Cita-cita pendidikan Rahmah diwujudkannya dengan mendirikan Diniyah
Putri pada 1923. Melalui lembaga pendidikan ini Rahmah el-Yunusiyah,
memperluas misi kaum modernis untuk menyediakan sarana pendidikan bagi kaum
perempuan yang akan menyiapkan mereka menjadi warga yang produktif dan
muslim yang baik. Ia menciptakan wacana baru di Minangkabau dan meletakkan
tradisi baru dalam pendidikan bagi kaum perempuan di kepulauan Indonesia.

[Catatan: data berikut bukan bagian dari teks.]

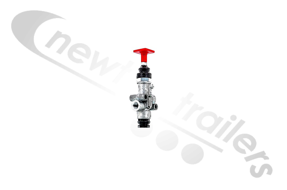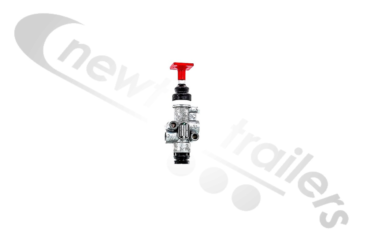 The Trailer Park Valve operates the parking brake function of trailers equipped with spring brake actuators. Whether coupled or uncoupled, the red control button must always be pulled out to correctly park the trailer. By pushing in the control button, the spring portions of the spring brake actuators are supplied with air so that the parking brake is released.
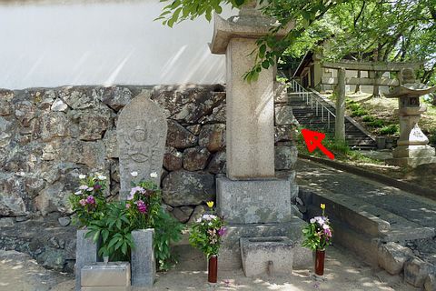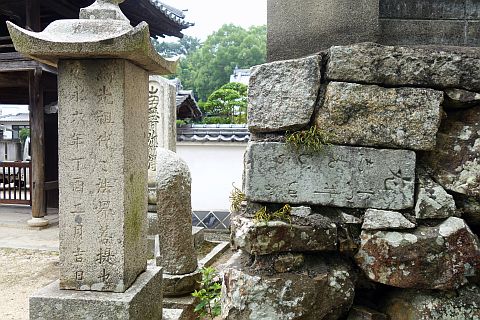 廻国供養塔の後ろの石垣に不要となった道しるべが石材として使われている
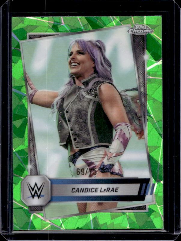 The Candice LeRae 2025 Topps Chrome WWE Sapphire Edition #180 Base Chrome - Green Refractor /75 card is 1 of 11 Candice LeRae's card variations in the 2025 Topps Chrome WWE Sapphire Edition set being tracked by Sports Card Investor, including Base Chrome, Blue Brand Autographs, Base Chrome - Gold Refractor /50, Base Chrome - Orange Refractor /25, and Blue Brand Autographs - Orange Refractor /25.
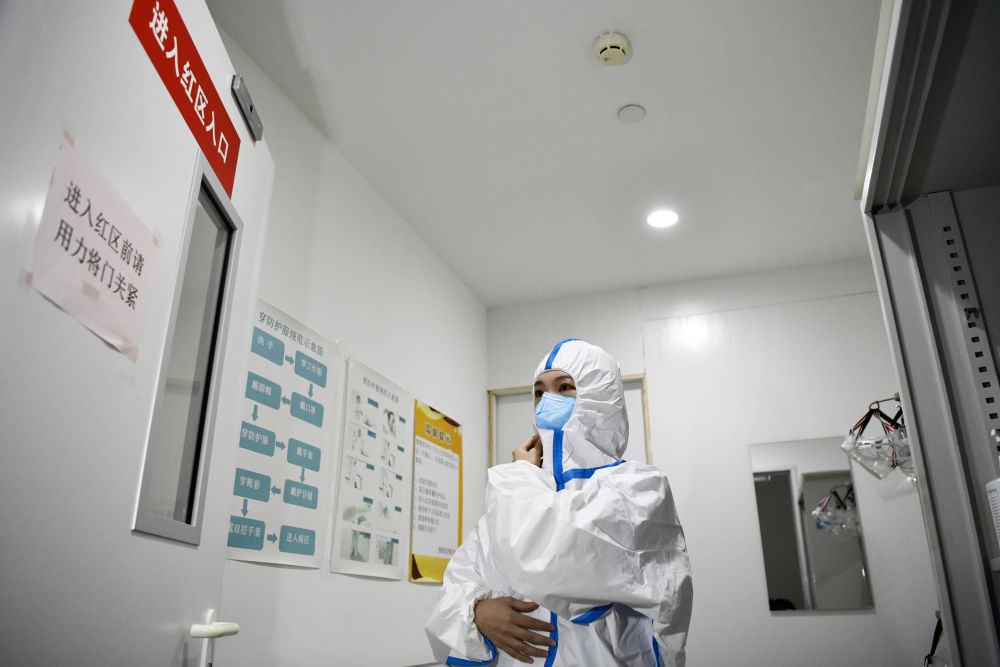 在天津醫(yī)科大學(xué)總醫(yī)院空港醫(yī)院,張碩在穿防護服準(zhǔn)備進入“紅區(qū)”工作(12月18日攝)。

Diniyah Putri adalah akademi agama pertama bagi putri yang didirikan di
Indonesia.
Anak–anak perempuan dan perempuan dewasa mungkin saja mendapat
dorongan untuk mengaji Al-Qur’an dan shalat; tetapi tidak seperti kaum
laki–laki, mereka memiliki sedikit peluang untuk dapat melek aksara Melayu
yang menjadi bahasa nasional Indonesia, atau Belanda, sebagai bahasa
pendidikan modern. Rahmah el-Yunusiyah percaya bahwa kaum perempuan
membutuhkan model pendidikan tersendiri yang terpisah dari laki–laki,
karena ajaran Islam memberikan perhatian khusus kepada watak dan peran kaum
perempuan dan mereka membutuhkan lingkungan pendidikan tersendiri di mana
topik–topik ini bisa dibicarakan secara bebas.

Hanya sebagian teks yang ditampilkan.